Da das soziale Umfeld unsere Grundgestimmtheit wesentlich mitbestimmt, wundert es nicht, daß psychische Stressoren wie zwischenmenschliche Probleme und Spannungen schließlich auch die Immunabwehr beeinträchtigen können. Einer Studie zufolge waren solche Personen besonders erkältungsanfällig, die mehr als zwei Monate lang beständig sozialem Druck und Ärger ausgesetzt waren. Auch wer Angehörige über längere Zeit pflegt, hat leicht selber geschwächte Abwehrkräfte, so Ehepartner von Alzheimer-Kranken. Von unglücklich verheirateten oder in Scheidung lebenden Paaren allerdings scheinen öfter die Frauen diese Situation schwerer zu bewältigen; bei jenen, die sich dann äußerst hilflos fühlten, fanden sich nicht nur besonders viele Stress-Hormone, sondern auch verminderte Immunwerte – nicht aber bei den Männern.
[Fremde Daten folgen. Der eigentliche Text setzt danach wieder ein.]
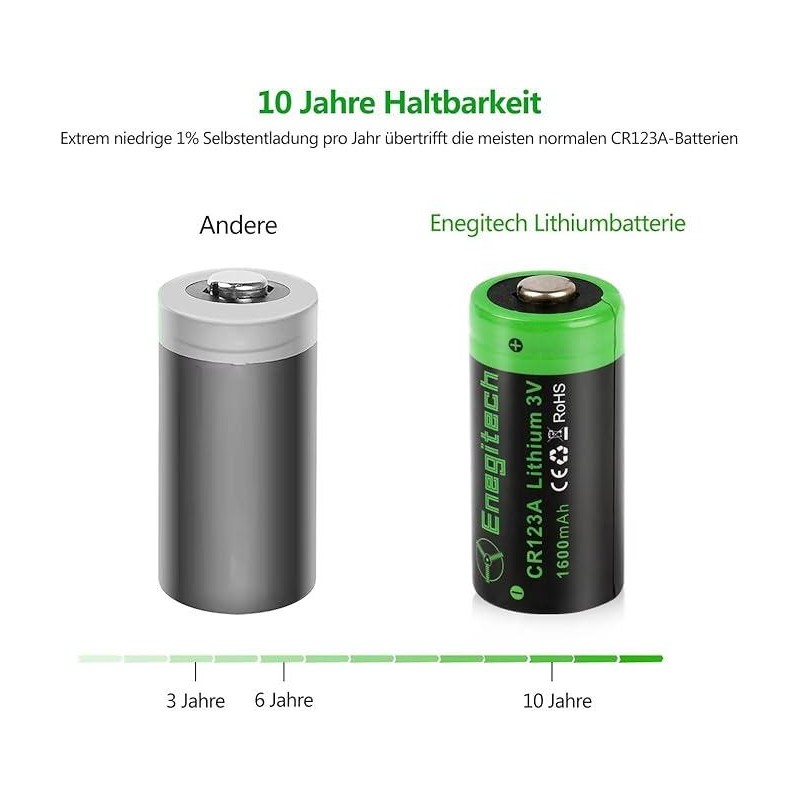 Full 10-Year Shelf Life – Use them right away or store them for a future emergency – you can be sure CR123a non-rechargeable batteries will remain just as fresh as the day you got them up to 10 years from now. With extreme temperature operation, Enegitech = always ready to go. Store at around 68°F for best results.

Umgekehrt dämpft ein Netzwerk sicherer, stützender und harmonischer Beziehungen die Empfänglichkeit für Stress und festigt die Abwehr. Auch eine Gruppentherapie kann dazu beitragen. Ein verläßliches Umfeld stützt auf diese Weise selbst Schwerkranke; es gibt sogar Hinweise, daß Frauen mit Brustkrebs dann länger leben.
Bei chronischen Krankheiten bot früher ein längerer Aufenthalt in einem Kurort oder Sanatorium oft die einzige Hoffnung. Das half manchmal tatsächlich, und dies läßt sich nun besser begründen: Entspannung durch völlige Abkehr vom Alltag kann bewirken, daß gestörte Kontakte zwischen Immunsystem und Gehirn sich wieder einregeln und normalisieren. Dies stärkt vor allem die Abwehrkräfte – die erste Voraussetzung für eine Genesung. Das gilt auch heute noch, wenngleich man solche heilsamen Prozesse inzwischen medikamentös zu unterstützen vermag.
Alles in allem ist die scharfe Trennung zwischen psychischen und organischen Krankheiten überholt. Körper und Seele, so erweist die Psychoneuroimmunologie, sind eng verknüpft.
Literaturhinweise
- Netzwerk Mensch. Den Verbindungen von Körper und Seele auf der Spur. Von Gaby Miketta. Rowohlt, Reinbek 1994.
– Kommunikationsnetzwerke im Körper. Psychoneuroimmunologie – Aspekte einer neuen Wissenschaftsdisziplin. Herausgegeben von Kurt S. Zänker. Spektrum Akademischer Verlag, Heidelberg 1991.
– Psychoneuroimmunologie. Herausgegeben von Manfred Schedlowski und Uwe Tewes. Spektrum Lehrbuch. Spektrum Akademischer Verlag, Heidelberg 1996.
– Stress. Spektrum der Wissenschaft, Mai 1993, Seiten 92 bis 109.
– Stress: Mechanisms and Clinical Implications. Von G. P. Chrousos, R. McCarty, K. Pacak, G. Cizza, Esther M. Sternberg, Philipp W. Gold und R. Kvetnansky in: Annals of the New York Academy of Sciences, Band 771, 1995.
– Emotions and Disease: From Balance of Humors to Balance of Molecules. Von Esther M. Sternberg in: Nature Medicine, Band 3, Heft 3, Seiten 264 bis 267, März 1997.
– The Neurologic Basis of Fever. Von Clifford B. Saper und Christopher D. Breder in: New England Journal of Medicine, Band 330, Heft 26, Seiten 1880 bis 1886, 30. Juni 1997.